My day job is as a software developer consultant.  I’ve been at this stuff a long damn time (first job as computer operator using Prime minicomputers was in 1982) and have a real-live degree in computer science from Cal Poly SLO.  (In addition, I have an MBA from Cal Poly with my name on it; however, it actually belongs to a different Michael J. Harper who graduated at the same time.)

I got started on minicomputers and moved along to Unix for school work in the mid-80s. I bought a Mac 128K in 1984 and when the Toolbox and associated tools were finally made available to the great unwashed public, I started Mac development in 1987.  I have spent the vast majority of my time in the enterprise software space which was taken over by Java EE in the past several years.  I enjoy balancing the enterprise software development with the more interactive results one accomplishes with Mac OS X and iPhone development.

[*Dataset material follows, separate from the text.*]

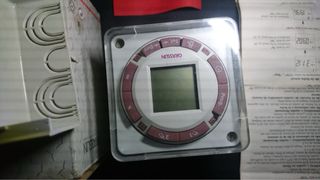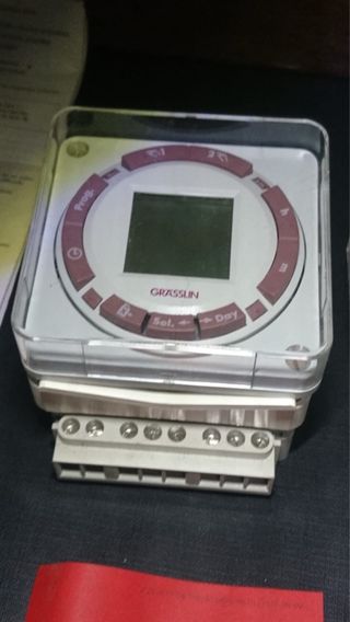 Temporizador digital Grasslin con pantalla y botones de control. - Diseño circular con botones. - Pantalla digital. - Conexiones en la parte inferior.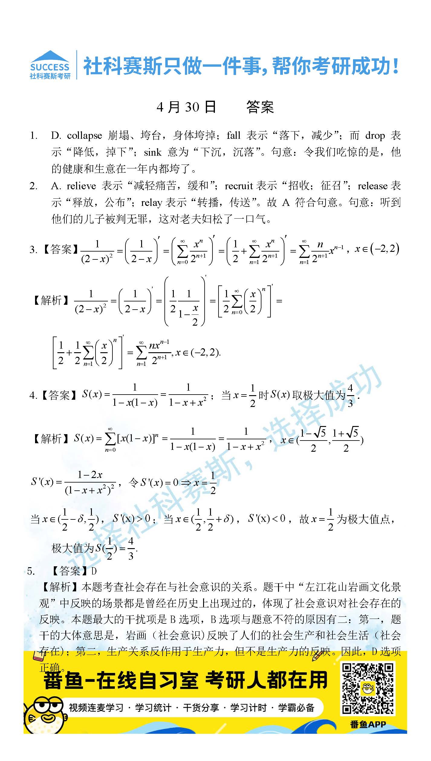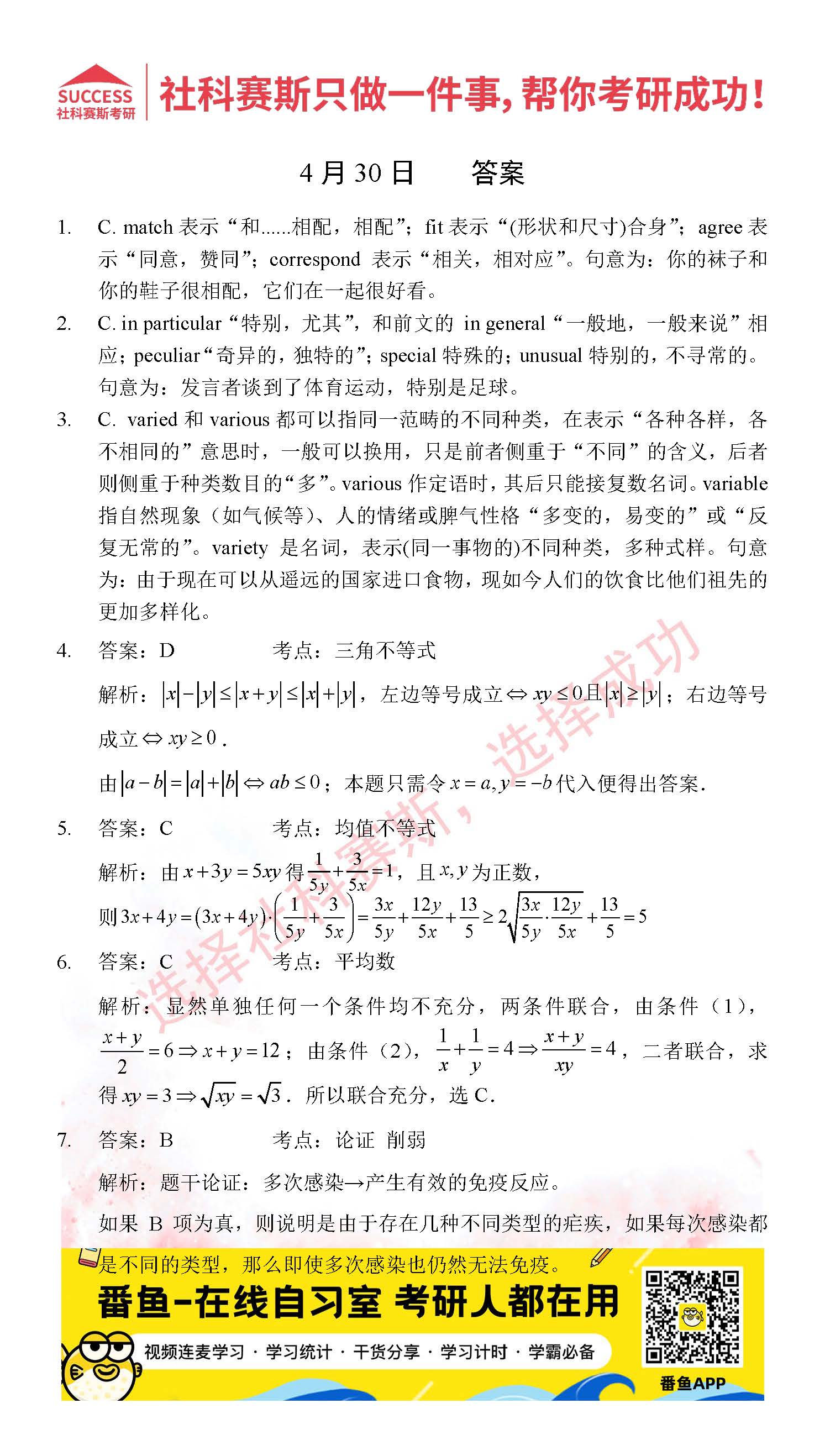 導(dǎo)讀:考研是一場(chǎng)持久戰(zhàn),保持良好的學(xué)習(xí)習(xí)慣,是能確保復(fù)習(xí)高效的關(guān)鍵。今天社科賽斯MBA備考網(wǎng)小編整理了“2022管理類(lèi)聯(lián)考4月30日每日一練及答案”的內(nèi)容,希望能對(duì)廣大考生有所幫助。

A few years ago, I started hearing about Ruby on Rails.  When I had the opportunity to start working with Rails, I was hooked, especially after all the pain involved in Java EE work.  I was already a believer in Ruby and Rails, but when Dave Thomas gave his deconstruction of Ruby during a Rails Studio back in April 2008, I experienced my Ruby “moment of zen.”

Around the same time, the iPhone SDK was made available to developers.  As someone who spent several years in the mid-90s on NeXTStep development as well as recent time on Mac OS X development — the evolution of NeXTStep — I couldn’t resist the iPhone.  I have developed and contributed to numerous iOS apps, the most notable being the TRX FORCE app which appeared in an Apple commercial in the summer of 2014.